By connecting distant places, meanwhile, globalization permits the long-distance transfer of microbes along with their insect vectors and their human victims, as evidenced not only by the spread of HIV around the world, but also by North American cases of cholera and SARS brought by infected passengers on jet flights from South America and Asia, respectively. Indeed, when a flight from Buenos Aires to Los Angeles stopped in Lima in 1992, it picked up some seafood infected with the cholera then making the rounds in Peru. As a result, dozens of passengers who arrived in Los Angeles, some of whom then changed planes and flew on to Nevada and even as far as Japan, found that they had contracted cholera. Within days that single airplane spread cholera 10,000 miles around the whole rim of the Pacific Basin.

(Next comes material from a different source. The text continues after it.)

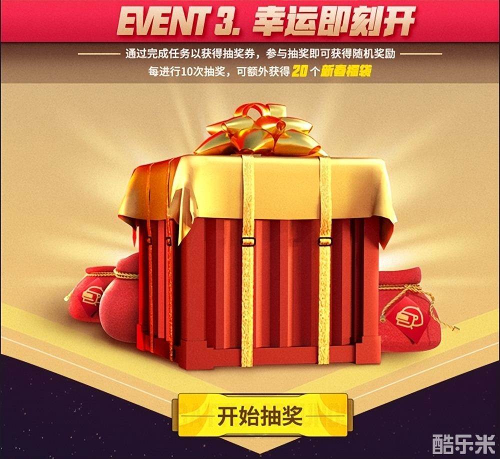 活动3:幸运即刻开:使用抽奖券即可获得随机奖励,每进行10次抽奖,还有额外新春福袋奖励!
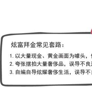 今天将为大家继续揭露自媒体无底线博流量“炫富拜金”的常用套路、典型案例及处置措施。

Consider as well those diseases thought of as “just” tropical because they are transmitted by tropical vectors: malaria transmitted by mosquitoes, sleeping sickness spread by tsetse flies, and Chagas’ disease (associated with edema, fever, and heart disease) spread by kissing bugs. How will we feel about those tropical diseases if global warming enables their vectors to spread into temperate zones? While microbe and vector movement can be difficult to detect, modeling suggests that global warming will expand the reach of malaria to higher latitudes and into tropical mountain regions.
The transmission of emerging diseases has also been enhanced by a host of modern practices and technologies. The commercial bush meat trade has introduced retroviruses into human populations. Ecotourism has exposed first-world tourists to cutaneous leishmaniasis and other third-world diseases. Underequipped rural hospitals have facilitated Ebola virus outbreaks in Africa. Air conditioners and water circulation systems have spread Legionnaires’ disease. Industrial food production was responsible in Europe for the spread of BSE. And intravenous drug use and blood transfusion have both spread HIV and hepatitis B and C.
All this shows that disease prevention and treatment need to be supplemented by a new effort: disease forecasting. This refers to the early detection of potential pandemics at a stage when we might still be able to localize them, before they have had the opportunity to infect a high percentage of the local population and thereby spread around the world, as happened with HIV. Already one of us (Wolfe) is working through a new initiative, the Global Viral Forecasting Initiative (GVFI), to do just that. GVFI works in countries throughout the world to monitor the entry and movement of new agents before they become pandemics. By studying emerging agents at the interface between humans and animals, GVFI hopes to stop new epidemics before they explode. Monitoring for the emergence of both new sexually transmitted diseases and pet-associated diseases would be good investments.
The predictions here are admittedly educated guesses—but they are educated by some of the best science available. The time to act is now. If we don’t, then we will continue to be like the cardiologists of the 1950s, waiting for their patients’ heart attacks and doing little to prevent them. If we do act, we have the potential to avert the next HIV, saving millions of lives and billions of dollars. The choice seems obvious.